The superintendent reviewed ongoing and planned facility work from the division’s five‑year maintenance plan including completion this July of theater and sidewalk canopy projects at Stanton River and Liberty high schools, roof painting at Montville Elementary, parking lot paving at Huddleston Elementary, painting at Bedford Elementary and mandated wastewater treatment replacements at Otter River and Stewartsville elementaries.

Staff then presented the division’s strategic framework numeracy update. Presenters said the division uses Virginia’s BKRP kindergarten readiness and SOL results to track progress. The data cited in the meeting showed roughly 80 percent of kindergartners meeting the BKRP benchmark and 73 percent proficiency for third grade mathematics (noting that SOL data have a two‑year reporting lag). Presenters said numeracy instructional shifts emphasize conceptual understanding, problem solving and mathematical discourse rather than rote memorization.

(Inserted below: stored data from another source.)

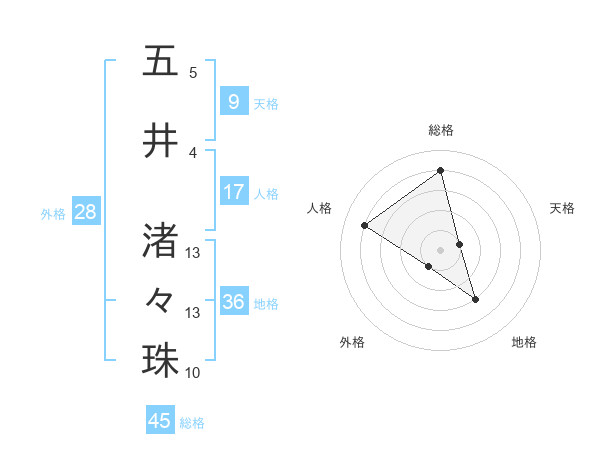 五井 渚々珠さんの総格は45画の4点!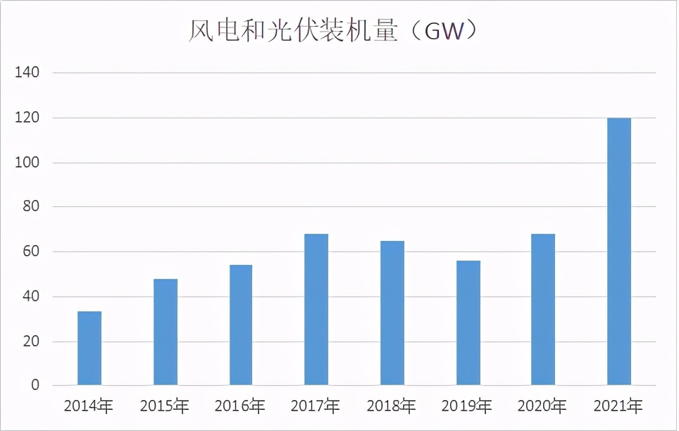 数据显示,近年来我国风电、太阳能发电装机始终保持迅猛增长态势。2014—2019年,全国风电和太阳能发电合计新增规模分别为3300万、4800万、5400万、6800万、6500万、5600万千瓦,2020年1—10月新增约4600万千瓦。虽然年度新增规模最高达到了6800万千瓦,但这一数字仍低于7400万千瓦的未来10年平均增速要求,也大幅低于1.2亿千瓦的2021年发展目标。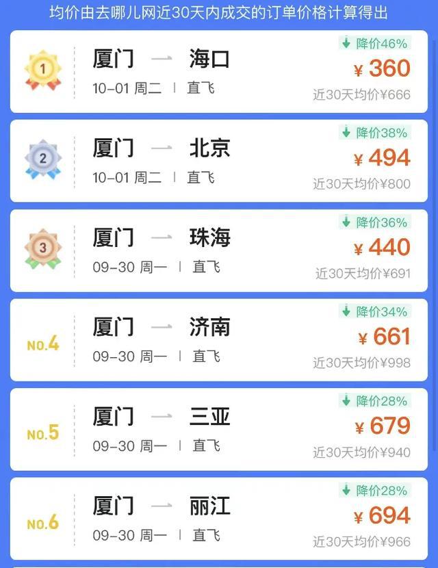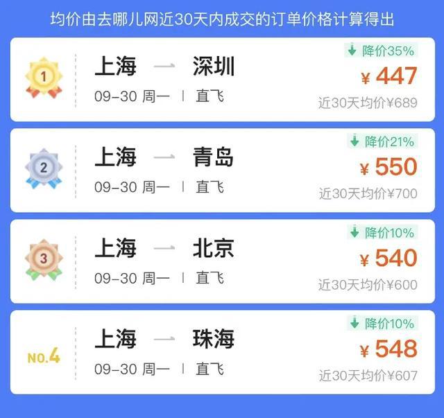 不仅如此,记者查询发现,不少热门城市国庆假期去程机票都有不同程度的跳水,9 月 30 日从上海出发到深圳、青岛等城市均有不同程度的价格跳水。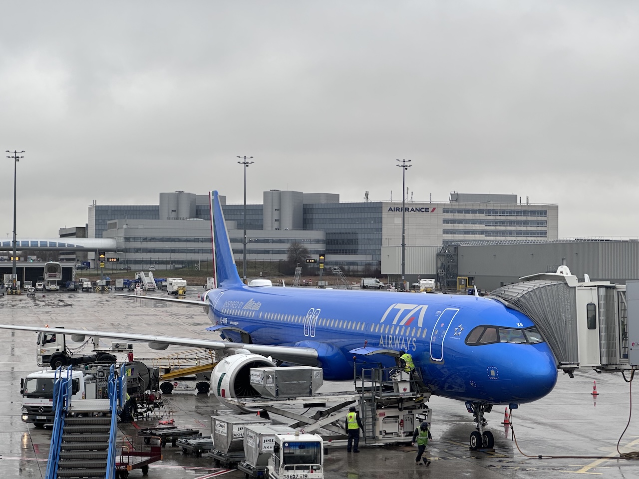 In Paris ist ITA Airways noch nicht bei den Airlines der Lufthansa Group, sondern in einem anderen Terminal angesiedelt. Statusgäste und Passagiere der Business Class werden in die Extime Lounge eingeladen. Nach einem guten Frühstück ging es dann für mich zum nahegelegenen Gate, wo der moderne Jet bereits parkte.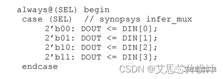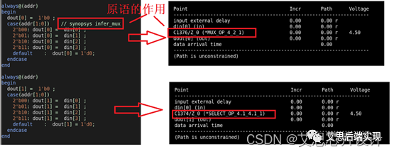 基于此,通過對RTL進行原語級別的配置,讓elaborate對case的結(jié)果進行約束。示例語法如下: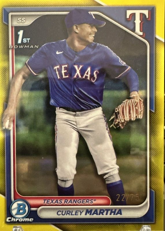Curley Martha 2024 Bowman Chrome Yellow Refractor 1st Bowman #’d /75 Rangers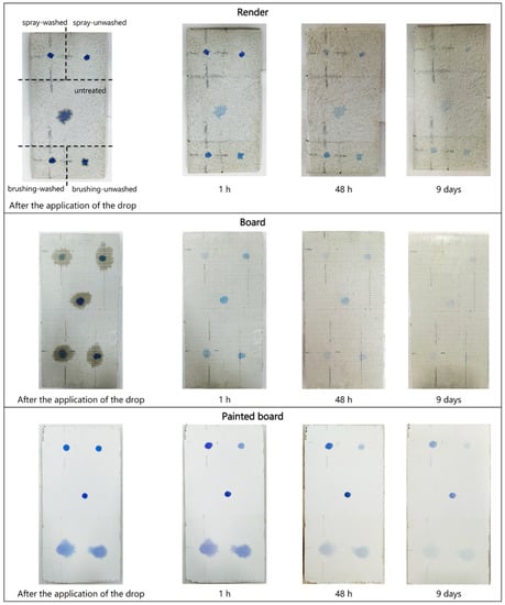 The aspect of the blue drop immediately after its release on the surface (Figure 4 on the right) was different in the three substrates, because their porosity was clearly not the same and caused a different absorption of the drop. In the render sample, the drop spread quite a lot in the untreated zone, due to the high porosity of the substrate, but the colorant was retained at the center while the water was further absorbed by the substrate (dark wet zone around the blue stain in the picture). In all the treated zones of the render sample, the drop spread much less. Considering that the aqueous nano-TiO2 dispersion is expected not to have any pore-blocking effects due to its low concentration and to cause, if anything, an increase in surface wettability, this effect can be ascribed to the primers used before the nanodispersion application and in particular to coating#1, which decreased the surface capillary absorption of the material (it is defined as a ‘porosity reducer’ in the technical datasheet by the manufacturer). In the board sample, the drop spread quite a lot in both the treated and untreated zones, due to the porosity and hydrophilicity of the substrate (with a contact angle of 45.3°), and again the colorant was retained by the material, while the solvent was further absorbed by the substrate. Here, the primer apparently had no significant impact on the capillary absorption of the surface, and in fact, only coating#2 (coupling agent without a porosity reduction effect) was used, and it caused just a slight increase in the contact angle compared to that of the untreated zone.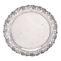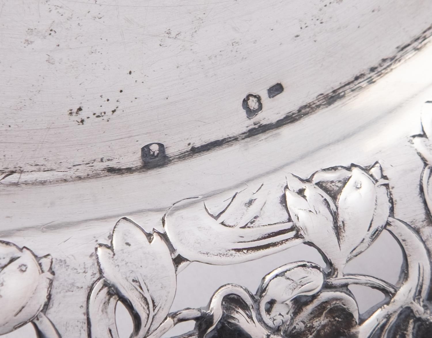 An early 20th century Art Nouveau silver plate, Poland .800, after 1920, the pierced flora border, 25.5cm., (10ins.) diameter, 440gms., (14.1ozs.)

Kelly Jennings, who presented special‑education numeracy data, said the division is seeing growth in grades 3 and 8, stable grade 5 performance and a decline in Algebra I proficiency under Virginia’s revised 2023 standards. She described action steps to strengthen Tier‑1 instruction, evidence‑based specially designed instruction, targeted teacher training and collaborative planning across general and special education.

During Q&A board members pressed on whether students with disabilities take the same SOLs (presenters confirmed they do), how digital and print curriculum materials were distributed (digital access earlier; print materials arrived later due to shipping), and how the division balances test preparation with transferable skills. Staff described ongoing professional development and planning sessions for year two of the curriculum adoption.

What happens next: The division will continue year‑two professional development, monitor SOL and BKRP indicators, and align implementation plans with the redistricting and budgeting timelines discussed later in the meeting.